→ Data shown
=== Begin Enclosure ===

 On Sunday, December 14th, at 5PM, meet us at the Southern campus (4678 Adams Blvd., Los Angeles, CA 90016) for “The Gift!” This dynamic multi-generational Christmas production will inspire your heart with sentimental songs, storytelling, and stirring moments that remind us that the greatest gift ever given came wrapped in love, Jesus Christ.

=== End Enclosure ===
=== Begin Enclosure ===

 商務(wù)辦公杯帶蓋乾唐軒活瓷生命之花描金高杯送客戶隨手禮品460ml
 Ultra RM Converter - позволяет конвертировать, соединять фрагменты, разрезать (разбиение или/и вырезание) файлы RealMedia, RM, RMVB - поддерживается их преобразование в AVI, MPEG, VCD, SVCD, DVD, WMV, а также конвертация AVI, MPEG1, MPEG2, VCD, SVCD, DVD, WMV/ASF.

=== End Enclosure ===

→ Work instruction
What are the lines, exactly as written above, from the line with "商務(wù)辦公杯帶蓋乾唐軒活瓷生命之花描金高杯送客戶隨手禮品460ml" to the line with "Ultra RM Converter", both included? Output only those.

→ Exercise answer
 商務(wù)辦公杯帶蓋乾唐軒活瓷生命之花描金高杯送客戶隨手禮品460ml
 Ultra RM Converter - позволяет конвертировать, соединять фрагменты, разрезать (разбиение или/и вырезание) файлы RealMedia, RM, RMVB - поддерживается их преобразование в AVI, MPEG, VCD, SVCD, DVD, WMV, а также конвертация AVI, MPEG1, MPEG2, VCD, SVCD, DVD, WMV/ASF.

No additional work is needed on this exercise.